3. Research Area, Data, and Methods

3.1. Research Area

This study takes Changping district in Beijing as its research area. As the capital of China, Beijing is a model for all other cities for its land development and land policies. In addition, Beijing is among China’s fastest-growing cities according to area and population [33]. Between 2001 and 2010, Beijing’s total population increased from 13.85 million to 19.62 million, while its agricultural population fell from 3.04 million to 2.76 million. During the same period, the area of developed land in Beijing rose from 2858.38 km2 to 3199.08 km2, an average annual growth of 34 km2.
As a typical urban fringe area in Beijing (Figure 1) and located northwest of the city center, Changping district is one of the main areas to have accommodated Beijing’s rapid urban expansion. It is the location of the first highway from the city center to its outskirts. Changping district is also a miniature version of Beijing in terms of topography, with mountains in the northwest and plains in the southeast. Therefore, many researchers have selected Changping district as a representative research area of Beijing [34,35,36].
Changping district has a total area of 1342.57 km2 and is subdivided into 17 towns and townships.
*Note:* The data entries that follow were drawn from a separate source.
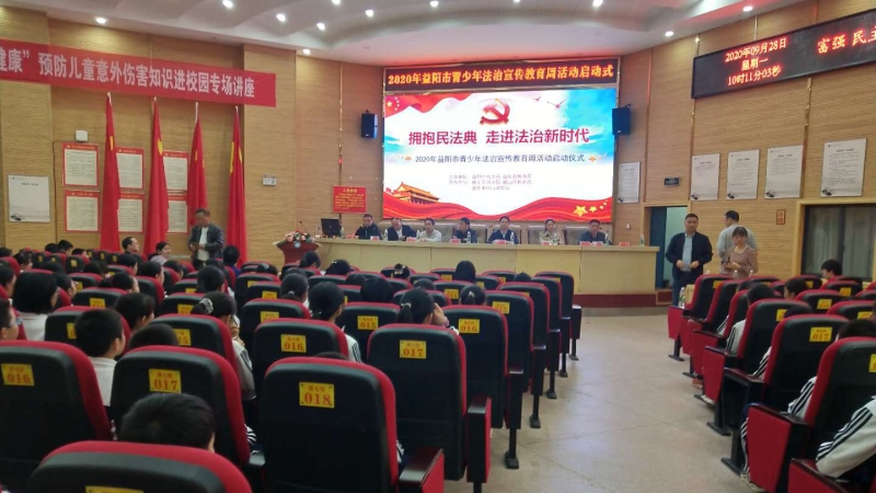 9月28日上午,2020年益阳市青少年法治宣传教育周活动启动仪式在梓山湖学校隆重举行。此次活动由市司法局、市教育局主办,赫山区司法局、赫山区教育局、梓山湖学校承办。活动的主题是“拥抱民法典,走进法治新时代”,市、区教育局、司法局相关领导出席活动。区政府教育督导室主任督学、区教育局党组成员贺永宏主持仪式。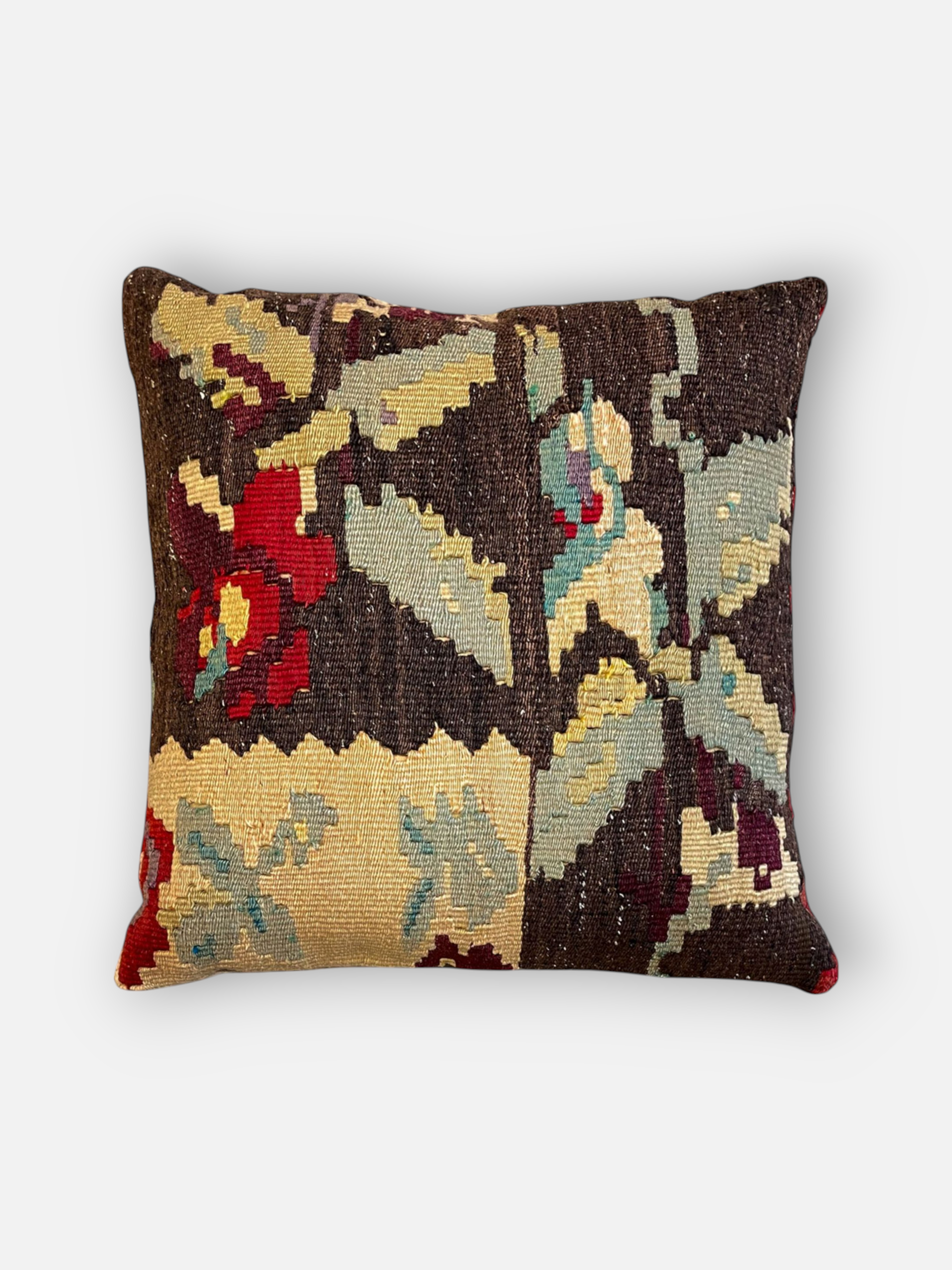 Add vintage-inspired drama to your space with the Rayana Earth Cushion. Deep chocolate tones, painterly florals, and handwoven textures come together in this bold, heirloom-style accent. Perfect for eclectic, rustic, or maximalist interiors.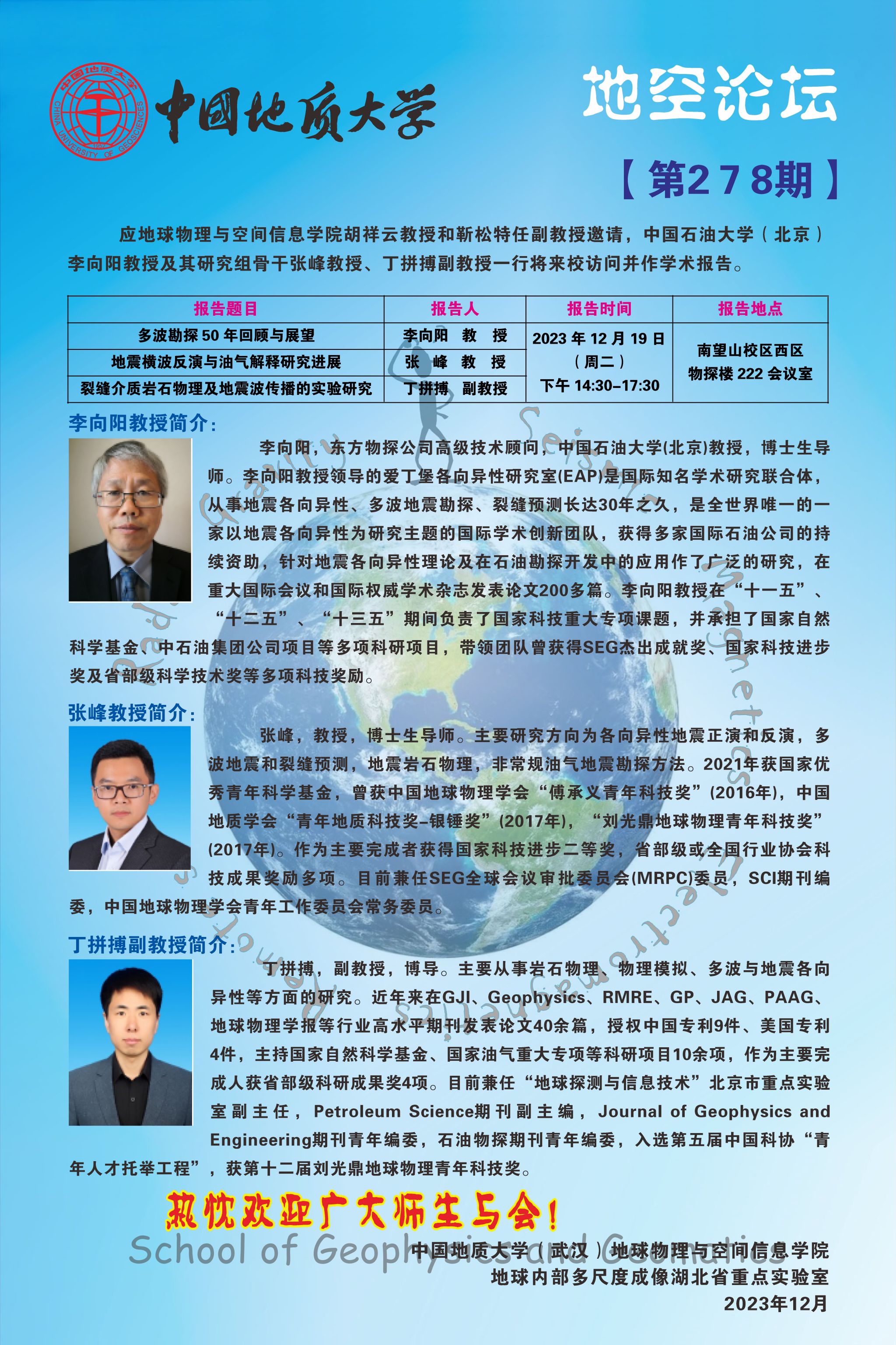 地空论坛【第278期】中国石油大学(北京)李向阳教授、张峰教授、丁拼搏副教授

The population of the district was 1,661,000 in 2010, with only 533,000 registered, which means a lot of people are migrants. Among the registered population, the urban population was 326,000 and the rural population was 207,000 in 2010, suggesting a lower proportion of primary industries. The average incomes of the urban and rural residents were ¥24,428.3 ($3545.7) and ¥14,384.3 ($2087.8) respectively in 2010 [37]. Three highways link the district with the city center, namely the north-south Beijing–Tibet expressway, the Beijing–Chengde expressway, and the Litang road. The district connects to the city center by subway lines 5, 8, and 13, and the Changping line. In addition, the sixth ring road passes through the southern part of the district, from east to west. Given its locational and transport advantages, Changping district has experienced fast development, and its developed land area has increased from 252.47 km2 in 2001 to 338.28 km2 in 2010, growing at an average rate of 8.58 km2 per year.

3.2. Data

In this study, we collected the 2001 and 2010 land-use survey data of Changping district, from which we put forward the dependent variable through an overlay analysis and assigned each grid with a value, representing whether it was development with or without land ownership change. Among the independent variables that we selected as potentially influencing land development, we acquired a digital elevation model from the computer network center of the Chinese Academy of Sciences, which we used to derive the gradient data in ArcGIS 10.2 (ESRI, Redlands, CA, USA). We extracted major roads, minor roads, and the sixth ring road, and developed land from the 2010 land use dataset, subway stations, district governments, township governments, and village committees by digitizing their coordinates; the population at the street level from the fifth and sixth population censuses; farmers’ income data from statistical yearbooks; prior land use type from the 2001 land use dataset; and construction area from land use planning and city planning datasets between 2001 and 2010. After all of this data collection was completed, we converted the spatial vector information into a 100 × 100 m raster, with each grid cell containing all the variables listed above.

3.3. Methods

In order to investigate the first research question, we employed spatial statistics and a descriptive analysis to study whether there were differences in the spatial distribution between formal land development that transferred into state ownership and informal land development that remained in collective ownership from 2001 to 2010. We tested whether there were significant differences between these two classes of developed land in terms of their area, usage, source, the number of land blocks, distances from the governments and roads, and so on.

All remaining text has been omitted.